しかし未だに目の前にあるモノは、ホコリにまみれているが、透き通るような、透明感のある黒い光沢に覆われている。あまりに巨大で全体像こそ見えないが、強くて硬い人の形。魔法鋼像に違いない。
「ダレなの?……でてきてくれないの?」
岩陰から眺めるだけのジョー。しかし、その巨人は間違いなく岩陰のジョーを見つけ、呼びかけている。その呼びかけが、巨人のモノとは思えないほど、細く甲高いのが気になるが。

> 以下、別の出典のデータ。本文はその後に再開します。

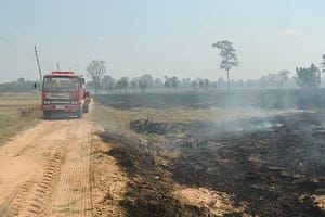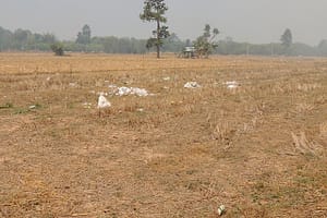 Schade um das gute Stroh was auf dem Feld lag. Das Stroh was auf einem Rai liegt soll ungefaehr einen Gegenwert von einem Sack Duenger haben. So um die 10000 Bath gingen dann in Flammen auf. Das Ziel sollte ja sein soviel wie moeglich organisches Material in den Boden einzubringen. Nur jetzt gibt es nichts mehr zum einbringen.
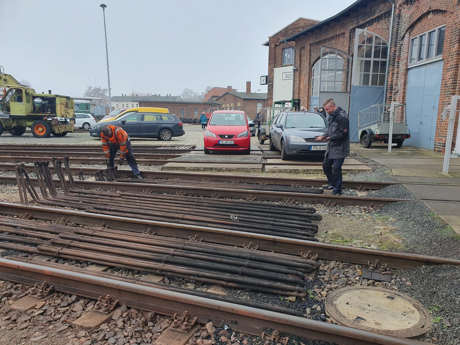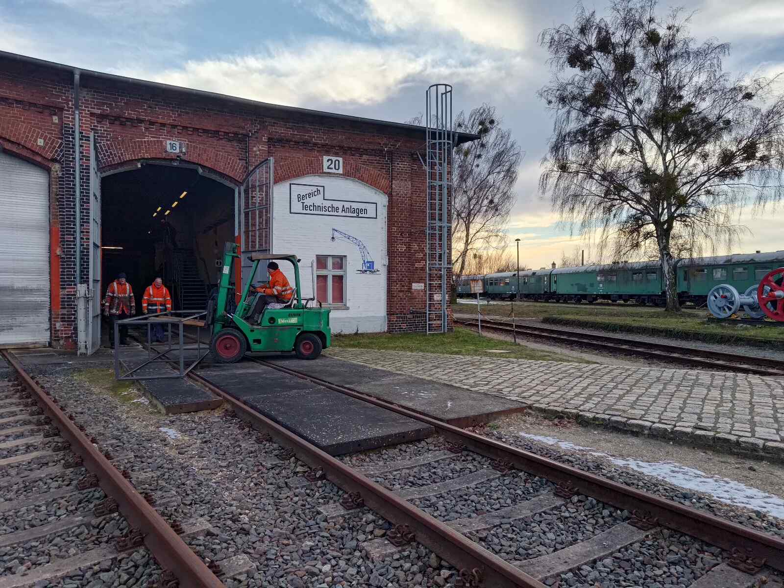 Andere Kollegen waren damit beschäftigt, die schweren Vitrinen in den neuen Ausstellungsraum im Südgiebel unseres Lokschuppens zu bringen. Da er sich in der ersten Etage befindet, mussten alle Rahmen und Glasscheiben der Vitrinen per Gabelstapler hinaufgehoben werden. Danach wurden die Rahmen dort zusammengesetzt. Die Glasscheiben werden demnächst eingebaut.
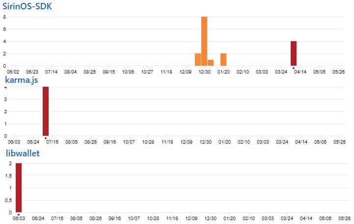 Therefore, I decided to dive into the Sirin Labs GitHub and observe the level of activity that they had going on there. Below are the total commits to their three most active repos in the past year.
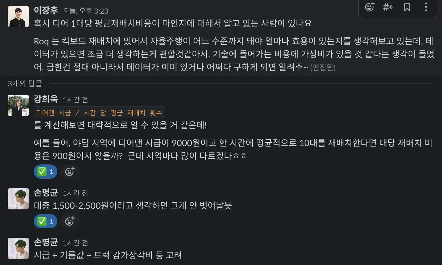 자율주행 킥보드를 개발함으로써 얻는 PR 효과를 모두 떼고, 자율주행 킥보드가 주는 운영 측면의 효용만을 생각해 보자. 자율주행 킥보드가 재배치 문제를 완벽하게 해결한다고 생각해 보자. 우선 어려운 가정 두 개가 들어갔다. (1) 자율주행 킥보드가 만들어짐. (2) 재배치 문제를 무인으로 완벽히 해결함. 만약 1일에 200대 재배치가 이루어지고, 디어 전체 킥보드가 수혜를 본다면 년 1억원의 수혜를 볼 수 있다. 1일에 1000 대 재배치가 이루어진다고 하더라도 1억정도의 수혜밖에 나오지 않는다. 하지만 이것은 (1) 에 필요한 기간과 폼팩터 교체에 들어가는 비용, (2) 를 개발하기 위한 비용을 고려했을 때 너무 너무 작은 수치이다. 중간다리가 필요하고, 자율주행 기술은 부분적으로 지원해야 한다. 이것은 세그웨이의 T60, T60 lite 모델에 대한 생각. 세그웨이는 어떻게 전동킥보드 자율주행을 만들어가고 있는가?‣ 의 접근과 비슷하다.
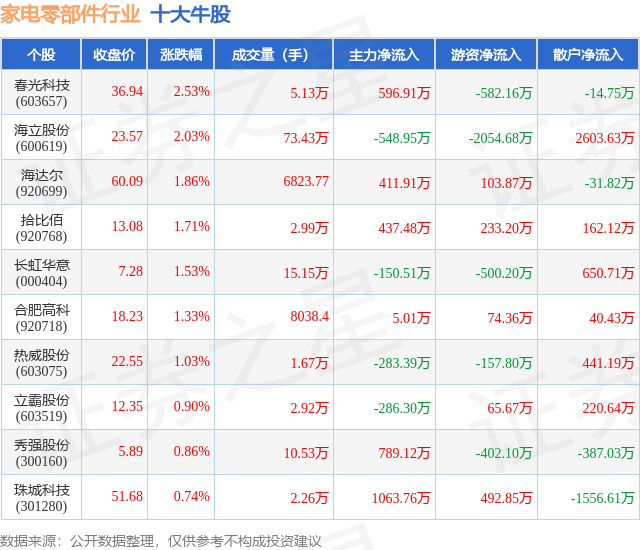 个股表现方面,家电零部件行业当日领涨股为春光科技(603657),该股当日报收36.94,上涨2.53%,成交量5.13万,主力资金净流入596.91万元。海立股份(600619)以上涨2.03%紧随其后,该股当日成交量73.43万,主力资金净流出548.95万元。除此之外,海达尔(920699)、拾比佰(920768)、长虹华意(000404)均进入当日牛股之列。具体个股列表见下表:
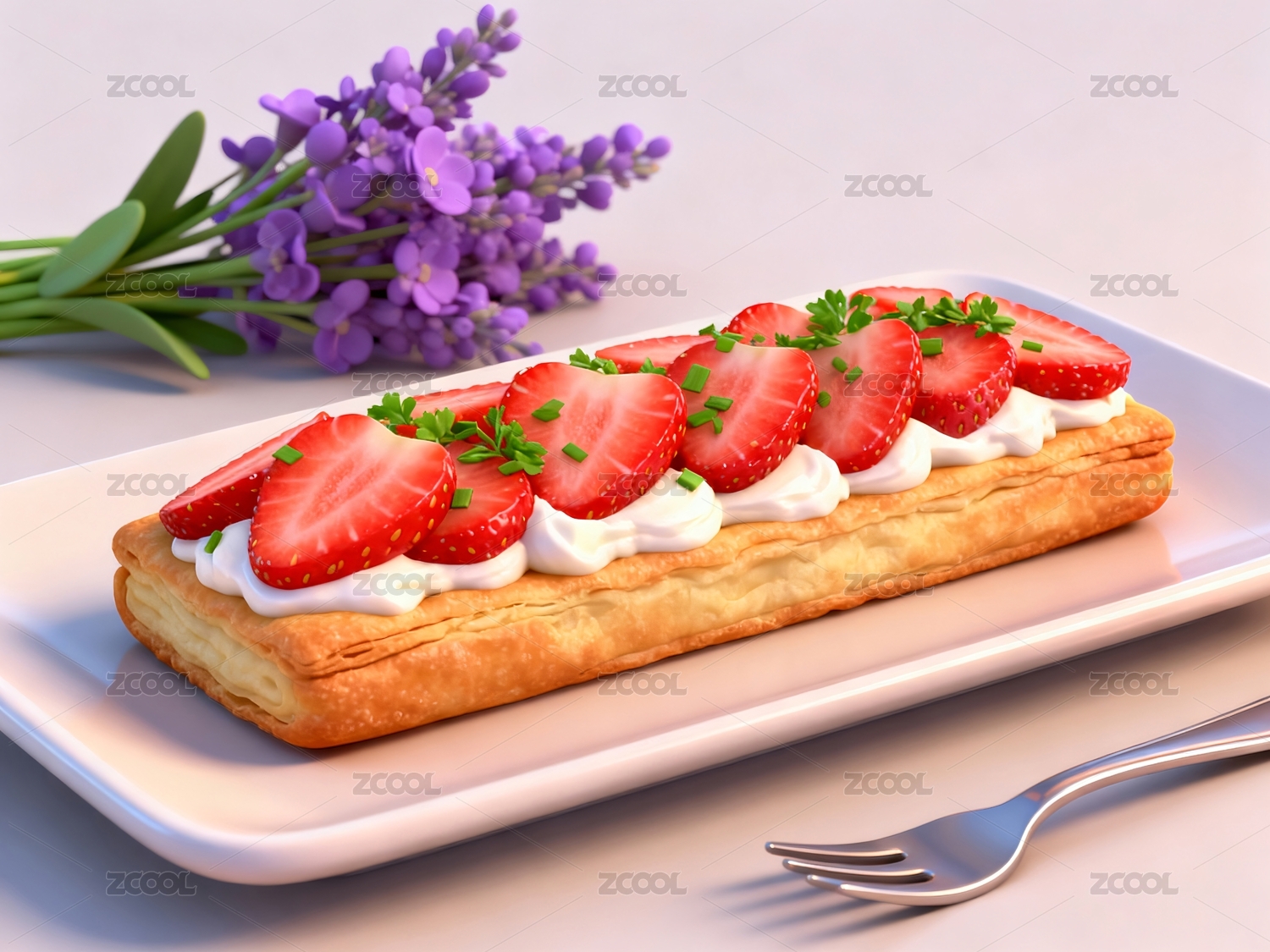 水果,蛋糕,草莓,樱桃,芒果,白色,盘子
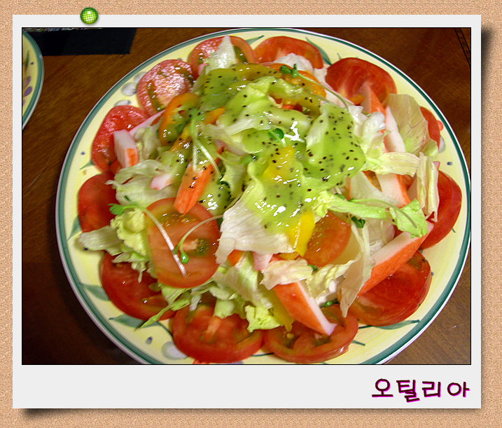 키위 소스와 오리엔탈 소스를 함께 뿌려냈는데
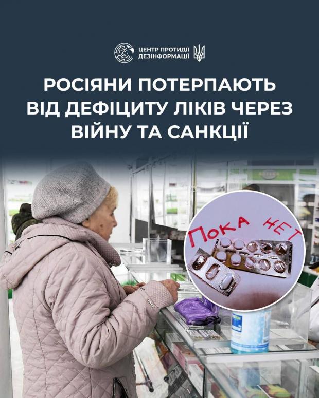 Вказується, що дефіцит ліків у рф стає все критичнішим і його вже не можна пояснити локальними збоями. "Поки путін витрачає величезні кошти на війну, а санкції поступово нищать економіку, система охорони здоров’я занурюється у глибоку кризу, наслідки якої росіяни відчуватимуть ще багато років", - прогнозують у ЦПД.
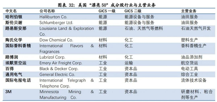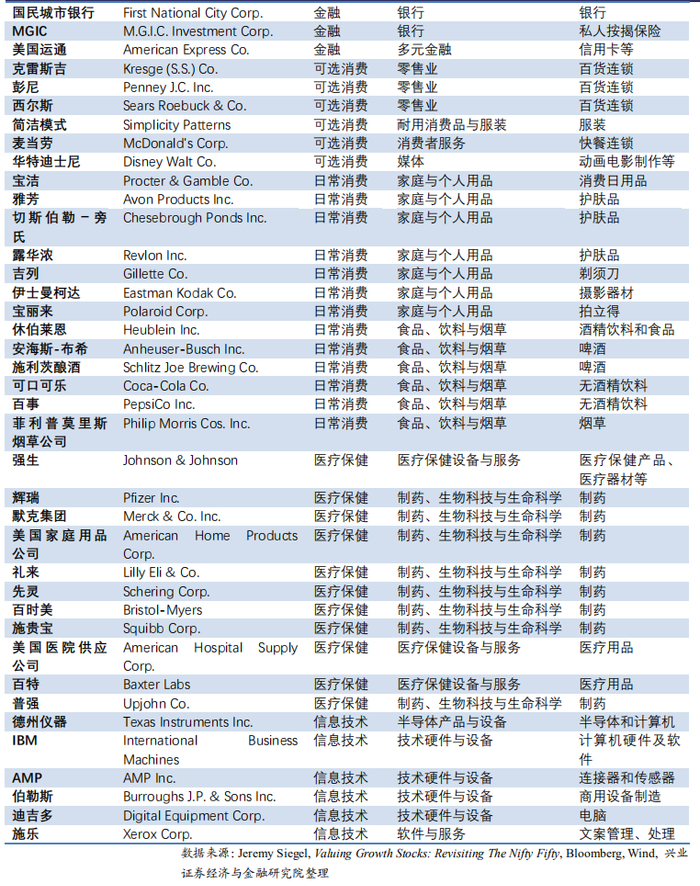 结合Jeremy Siegel的《Valuing Growth Stocks: Revisiting The Nifty Fifty》,我们首先整理出“漂亮50”的个股名单。从行业分布看,“漂亮50”的公司主要分布在消费、医药和信息技术等第三行业,日常消费、可选消费、医疗和信息技术个数分别为13、11、6、6家,四个行业个数占比超过70%。
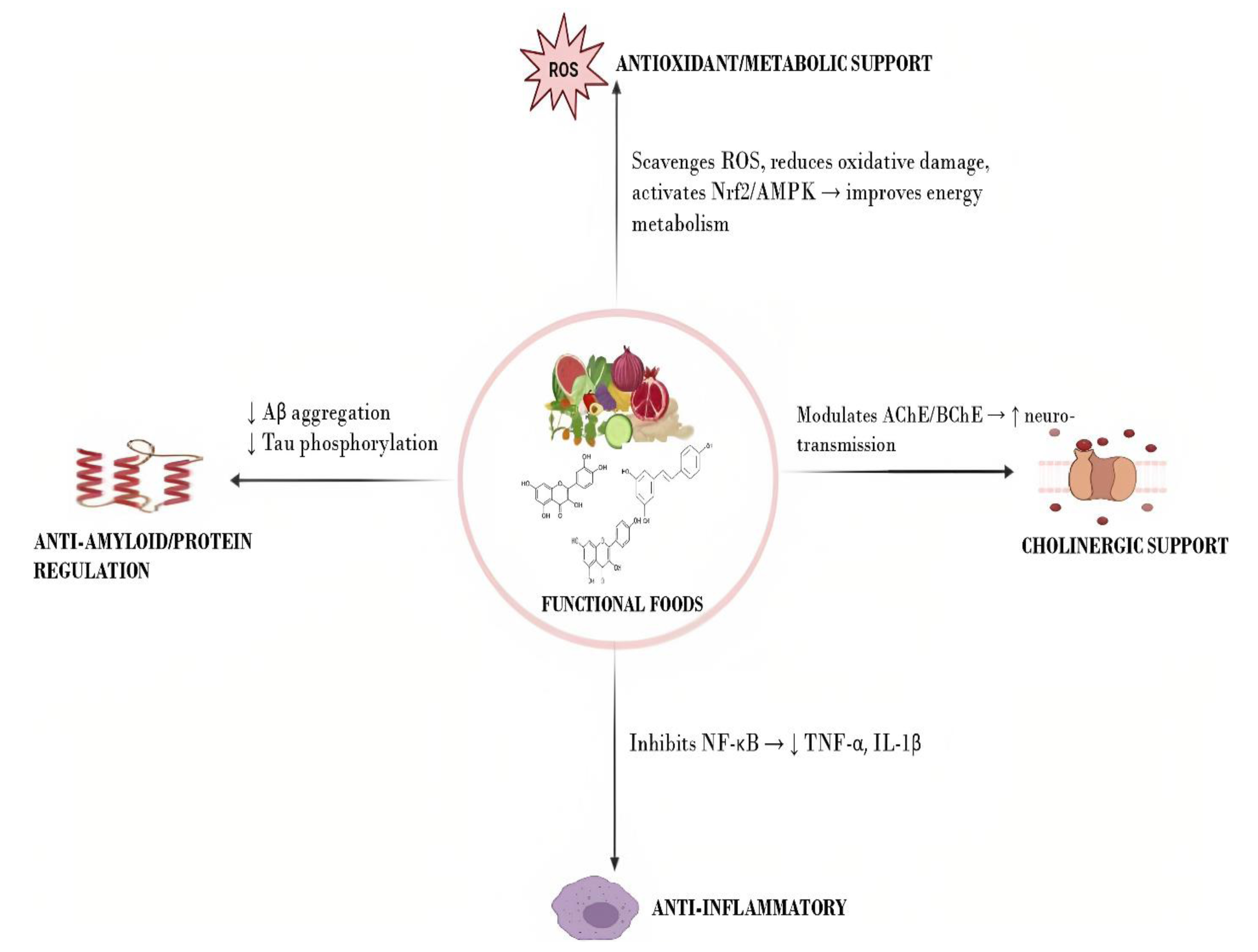 Although oxidative stress and neuroinflammation in AD have been covered in great detail in earlier reviews, these mechanisms are frequently addressed independently or primarily focus on synthetic pharmacological interventions. Furthermore, despite the growing awareness of the oxido-inflammatory balance, there is still a lack of comprehensive research on how functional foods can concurrently alter oxidative and inflammatory pathways, providing a multitarget and safer substitute. With a focus on functional food-based interventions that target the oxidative-inflammatory balance as a promising avenue for managing AD, this review highlights the biochemical mechanisms by which functional foods exert neuroprotective effects in AD, while also summarizing the key preclinical findings and existing clinical trial results to provide an integrative synopsis of their translational potential.

「こいつ、『脳なし』だよな?しかも『主殺し』だよ……しかし、どっから、っていうか、誰が声なんか出してるんだ?魔力供給者が乗ってるのかな?」
おそらくはゴーレムであろう巨影は、額から上の、人族で言えば脳にあたるはずの辺りが不自然に小さく、逆にくぼんでいる一方で、その周りには壁に覆われた広いスキマがある。そのスキマに人が余裕で乗れそうだ。しかし、それにしては操縦装置が見えない。ならば人が操縦するタイプの現代種ではなく、もちろんこの大きさで自律式は、原始種ではありえない。そしてこんな地表付近に置かれているからにはやはり古代種であろう。
であれば、これはたまに出土する「脳なし」の「主殺し」となる。魔力供給者を主と認識するタイプだが、主は声に出して指示しなくてはならない。つまり、もしも戦闘になったら主が真っ先に狙われる。一応頭の上に主用のスペースがあるが、ゴーレムの腕が直撃すればむろん、即、圧死。大きく動いたり転んだりしたら転落死。人間相手でも狙撃されたら死ねる。そこでついたあだ名が「主殺し」。とても戦闘向きとは言えず、古代から現代にかけてつくられた、本流でない派生種、つまりは失敗作だと思われている。
しかし盗賊たちは次第にこちらに近づいてくる。これが例えその失敗作であろうと、贅沢を言ってる、そんな余裕はなさそうだ。
「疑問は後回し…‥これしかないか」
自分に何かがあれば、あの姉妹はきっと冬を越せない。猫女子としては最後の手段がないわけではないが、それはジョーは絶対に認められない。なら、なんとかして生きて帰るしかない。ルミアの愛らしい笑顔と、おまけにミアルの怒った顔を思い浮かべ、ジョーは横たわっているゴーレムと思しき人型の頭部に潜り込んだ。
「ホントに何もない……魔力供給装置もないけど……音声指示型だよな?んじゃ……立て!」
グウウウウン…‥重い駆動音が辺りに響き、それとともにゴーレムが大きく揺れ、頭部が上に持ちあがる。その間、彼一人には広いスキマで揺れたり落ちそうになったり大騒動のジョーだ。回転する乾燥機の中のぬいぐるみを思い浮かべていただければいいだろう。すりむいた膝が痛い。ぶつけた額がうずく。なにしろここには操縦棹はおろか手すりすらないのだ。
そしてようやく立ち上がったモノは、おそらくジョーの5倍以上は背が高い。横幅はジョ-のそれの10倍近くはありそうだ。人よりもがっしりした体格と言える。その威容は重厚にして勇壮だ。
「キミ……ボクのゴシュジンサマじゃないね。なのに、このコがいうことをきいた……キミがあたらしいゴシュジンサマ?」
声はやはり直接ジョーの頭に響いている。できるだけ落ち着いて答える。
「ゴメン。そうじゃないと思う。でも力を貸してくれ。」
ジョーの頭に、「はてな」のイメージが伝わる。自分の言ったことが理解されていないらしい。
「あの……ゴシュジンサマいがいに、このコがこたえることはないよ。だからキミはあたらしいゴシュジンサマ。なら、ボクをリセットして。そしたらあたらしい「生体部品」がキミをサポートするから」
ジョーの頭に、今度は膨大なイメージが伝わる。このゴーレムの操典らしい。主要な情報が送られ、終わるまで、それは現実では数秒のことだった。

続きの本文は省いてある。